This is not a minor gap. Lee (2026a) found that AI platforms like ChatGPT and Claude perform live page fetches during search queries, while Perplexity and Gemini rely on pre-built indices from regular crawling. Understanding crawl behavior is the first step to controlling your AI search visibility. You cannot optimize what you cannot measure.

This guide consolidates everything you need: the full user agent reference table, robots.txt compliance data, copy-paste configuration templates, monitoring method comparisons, and the traffic patterns that tell you where your content stands.

🚫 WHY GA4 MISSES AI BOT TRAFFIC

GA4 relies on a JavaScript snippet (gtag.js) that runs in the visitor's browser. When a human visits your page, their browser executes the script, which sends a tracking event to Google's servers.

AI crawlers skip all of that. They request the page, parse the HTML, and move on. No browser. No JavaScript execution. No analytics event. This applies to every AI crawler currently operating, from GPTBot to ClaudeBot to PerplexityBot and beyond.

The gap is structural, not configurable. No amount of GA4 settings will fix it because the bots never trigger the tracking code in the first place. The same limitation applies to Adobe Analytics, Mixpanel, and every other tool that depends on client-side execution.

The Bottom Line: If you rely on JavaScript-based analytics to understand AI bot activity, you are flying blind. Server-side tracking is the only way to see what is actually happening.

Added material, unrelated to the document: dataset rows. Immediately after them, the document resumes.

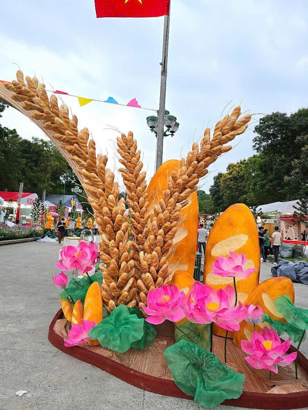 | Tiểu cảnh những bông lúa mì được làm từ những ổ bánh mì tôn vinh món ăn bình dân nhưng đầy tự hào của người dân Việt Nam. |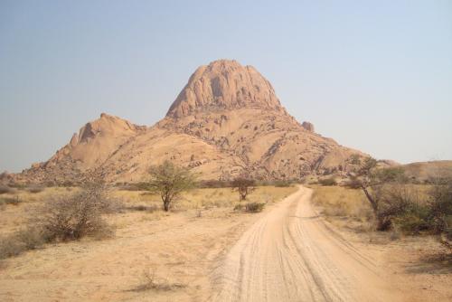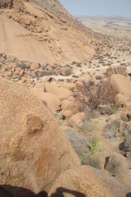 Heute Morgen wurden wir sanft von der aufgehenden Sonne geweckt und dann gab es ein entspanntes Frühstück mitten im Nirgendwo. Keine Menschenseele, nur Natur und ein paar Klippschliefer. Gut gestärkt konnten wir dann die Spitzkoppe bis zur Hälfte erklimmen. Das war ein ganz schöner Marsch und ein Gekraxel über kleine und große Felsen, aber wir haben es soweit geschafft, wie wir konnten und der nicht vorhandene Weg zu Ende war. Unser Auto war nur noch so groß wie eine Ameise (der kleine weiße Polo) und wir hatten einen atemberaubenden Ausblick.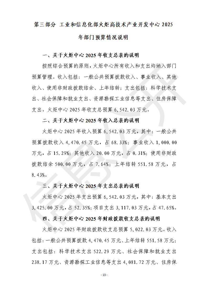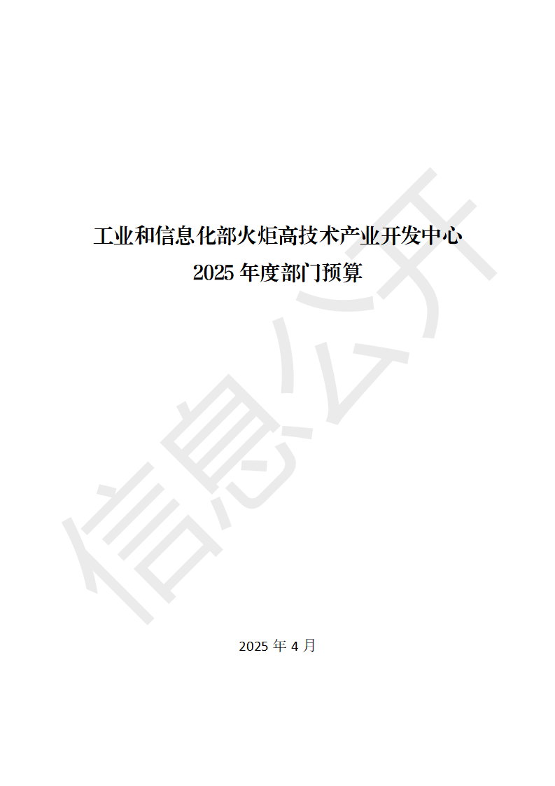 工業(yè)和信息化部火炬高技術(shù)產(chǎn)業(yè)開發(fā)中心2025年度部門預(yù)算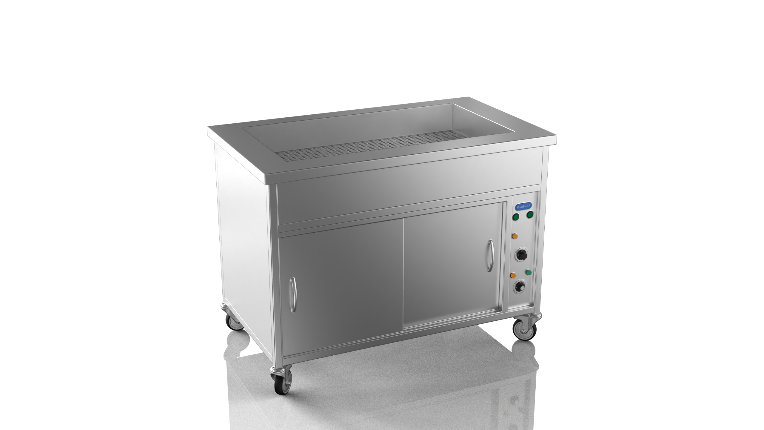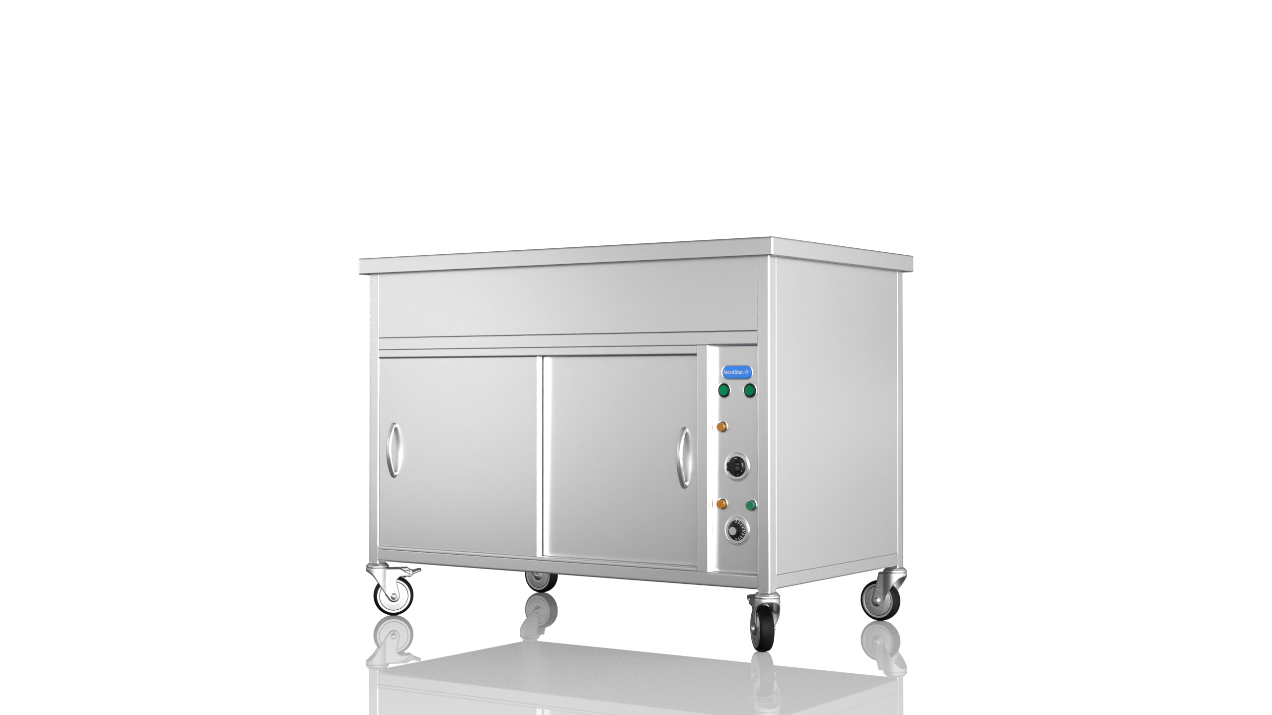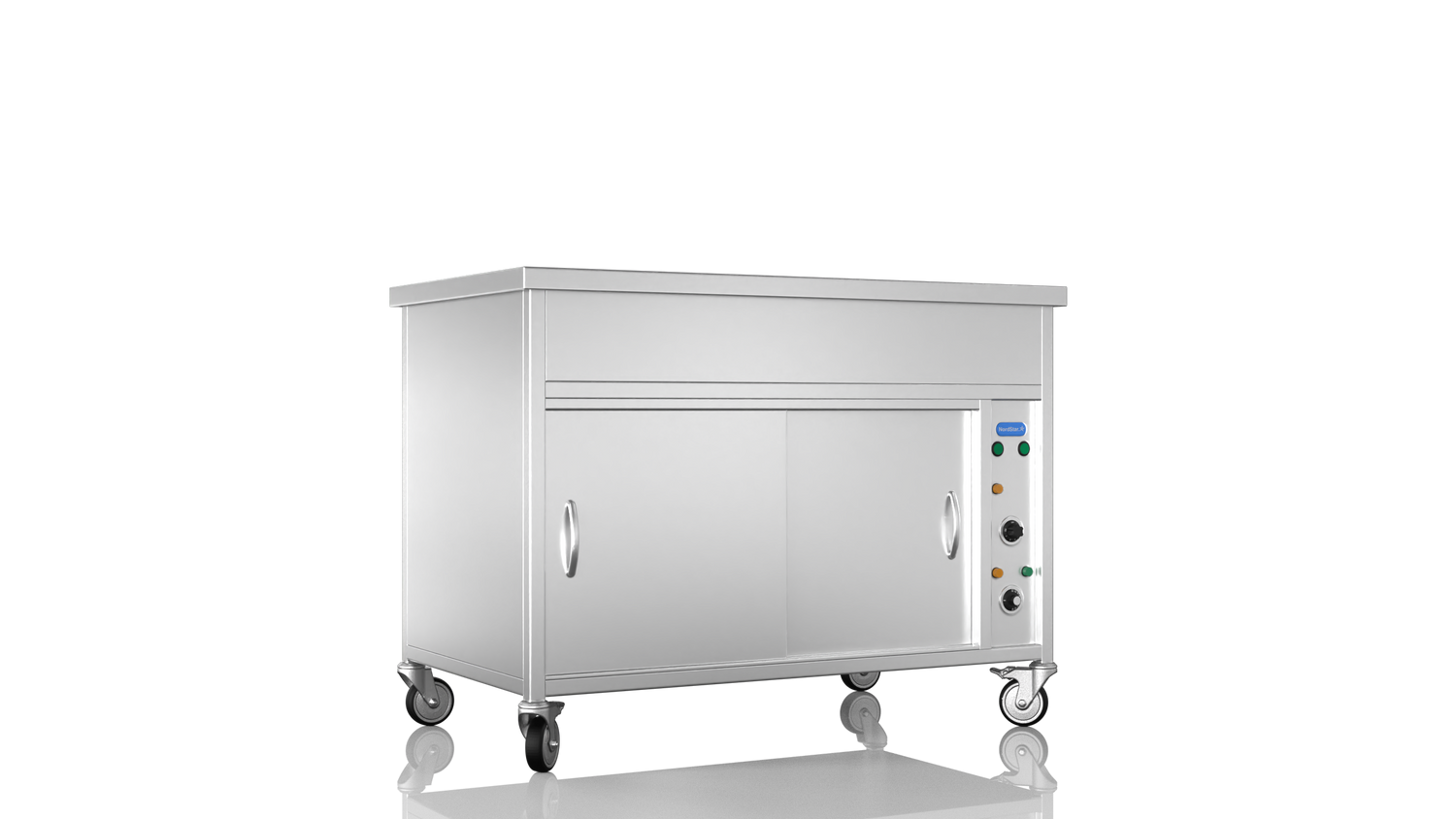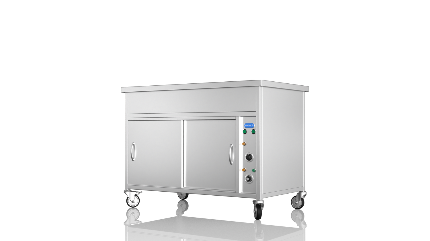 It also features a simple thermostat control for the hot cupboard, simmer stat control for the bain marie. comes complete with castors. can be fitted with tray slide at your request

🤖 THE COMPLETE AI BOT USER AGENTS TABLE (2026)

There are now more than 15 distinct AI bot user agents crawling the web, each with different strings, different purposes, and different robots.txt compliance behaviors. A single typo in your robots.txt means the rule does nothing. Here is every bot you need to know, organized by operator.

OpenAI Bots

OpenAI runs three separate crawlers. This is the most important distinction in AI crawl management.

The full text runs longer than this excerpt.